On the other hand, the militant communists, as opposed to the people who wind up at the same protests, are hoping and betting that Trump will win and accelerate the course of collapse and violence that has already started. The longer he’s in office, the more people lose hope in the American Dream, and the more people they can recruit. Of course, fascist and neo-Nazi recruitment has also gone up under Trump, but this doesn’t change the Marxist view that once it comes to open class war, the workers will prevail, since that is an article of faith. These are the people who actually want to dismantle America. And they’re backing Trump. 

Unchosen Battles

Sometimes, you get to pick your battles. On items that don’t directly affect me, I can choose whether or not to have an opinion, and whether or not to do the research to be informed. Sure, being a good, well-informed person with a consistent ethical framework dictates that I try to have empathy even for issues that don’t impact me, and that I ought apply my principles in a consistent way, such that I tend to have opinions anyway. But I get to decide, for instance, to what degree I care about same sex marriage, or what’s happening in Yemen, or the regulations governing labor unions. None of these things has a noticeable effect on my day to day life, and as such I have the privilege of being able to ignore them without consequence. 

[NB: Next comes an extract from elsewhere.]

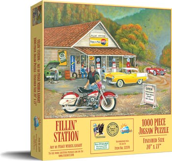 Immerse yourself in a bygone era with the classic Americana imagery of the Fillin' Station 1000 Piece Jigsaw Puzzle by SunsOut. Brought to life by renowned artist Peggy Myrick Knight, the nostalgic scene depicted offers captivating vibrant colors and historical charm. Each puzzle is crafted with interlocking pieces from recycled cardboard and printed with soy-based inks, ensuring snug and seamless assembly. The quality and durability of these made-in-the-USA puzzles provide a worry-free experience, even with repeated use. Eco-friendly and environmentally responsible, SunsOut puzzles reflect a commitment to sustainability while supporting a woman-owned small business in the process. Once assembled, the puzzle measures 20" x 27", creating a stunning display that's perfect for any puzzle enthusiast. The large full-color box adds an eye-catching touch, making the puzzle not only an enjoyable activity, but a treasured keepsake too. This Fillin' Station puzzle perfectly melds art, culture, and craft to offer hours of satisfaction and entertainment, making it an excellent gift for puzzle lovers or adults seeking laid-back pastimes. Embrace this enchanting piece of Americana and bring it home today!

Of course, this isn’t always the case. There are lots of policies that do directly affect me. The price of tuition, for instance, is of great concern, since I am presently engaged in acquiring a degree which I hope will allow me to get a job that will let me pay my bills, ideally without having to take out a small fortune in loans to cover it. Transport policy affects because I am an adult with places to be who cannot drive, and current American transport policy borders on actively hostile to people in my position. 

And then there’s healthcare. I’m not a single issue voter, far from it, but healthcare is a make or break issue for me, since it dictates whether I, and many people I care about dearly, live or die. The policies of the US government in this area determine access to the tools of my life support, whether my insurance company is allowed to discriminate against me, and what price I have to pay to stay alive. These policies are life and death, but that turn of phrase is overused, so let me put it another way: 

With the policy as it is now, I can scrape by. Others can’t, which is tragic, but I’m lucky enough to have money to burn. If the policy changes to make my medication affordable the same way it is in Mexico, I will in one stroke save enough money each year to cover my tuition forever. If policy changes to remove existing protections, then nothing else in the world will matter, because I will go bankrupt and die in short order. It won’t even be a question of choosing between medication and food or rent; without my medication I don’t live long enough to starve to death, and the money I’d save by starving is trivial anyway. I don’t have the privilege of choosing whether to care, or even which side I fall on. I would love to have other priorities; to say that Climate Change is the greatest threat, or immigration is a moral imperative, or whatever other hill I might elect to die on. But for the time being, as long as I want to continue breathing, I have my political opinions chosen for me. 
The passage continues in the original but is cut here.